- Task material -
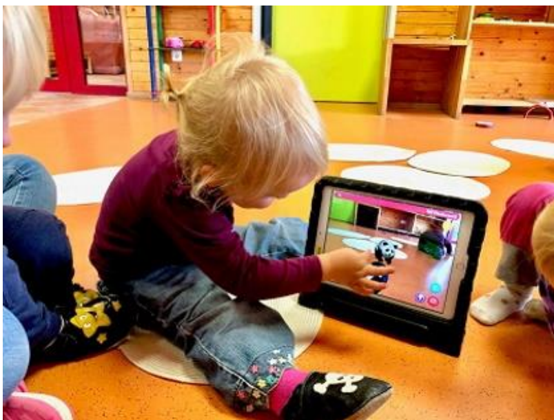
Augmented Reality in der Kita

Doch nicht nur die Tiere auf den Karten scheinen plötzlich in der durch das Tablet zu beobachtenden Umgebung aufzutauchen. Gleichzeitig spricht auch eine angenehme Stimme den entsprechenden Tiernamen laut aus. Die App stellt hierfür elf verschiedene Sprachen bereit. „Das ist insbesondere für unsere jüngsten Kinder ganz toll, da die Verknüpfung von Bild und Wort ihnen beim Erlangen des Wortschatzes in Englisch und Deutsch hilft“, erklärt die englischsprachige Erzieherin begeistert.
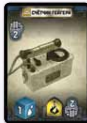
Обычная карта ресурса

Карту ресурса можно разыграть другим способом: как защиту (если есть). Если вы решили сыграть карту ресурса как защиту, разверните её на 180 градусов. Заплатив её стоимость, выложите карту перед собой. Теперь она даёт вам защиту от некоторых типов угроз: обозначены символами в жёлтых щитах.
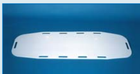
PTB Plancha de Transfer
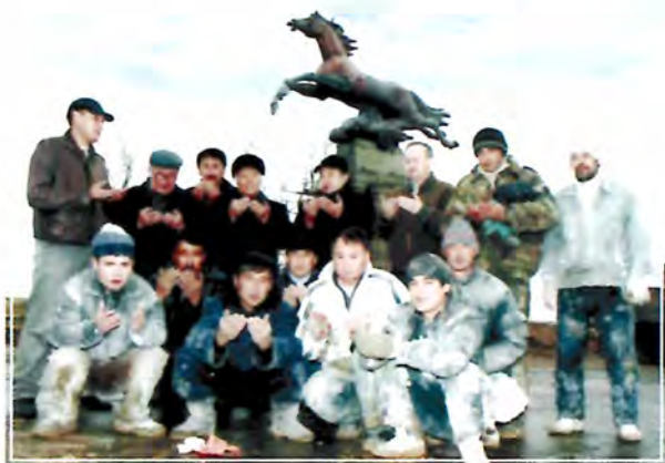
Құлагер ескерткіші алдында бата беру сәті

- Task to carry out -
Your task is to reproduce the entries above word for word, from the first line through the line with "Doch nicht nur", and please leave out any pictures.

- Task result -
Augmented Reality in der Kita

Doch nicht nur die Tiere auf den Karten scheinen plötzlich in der durch das Tablet zu beobachtenden Umgebung aufzutauchen. Gleichzeitig spricht auch eine angenehme Stimme den entsprechenden Tiernamen laut aus. Die App stellt hierfür elf verschiedene Sprachen bereit. „Das ist insbesondere für unsere jüngsten Kinder ganz toll, da die Verknüpfung von Bild und Wort ihnen beim Erlangen des Wortschatzes in Englisch und Deutsch hilft“, erklärt die englischsprachige Erzieherin begeistert.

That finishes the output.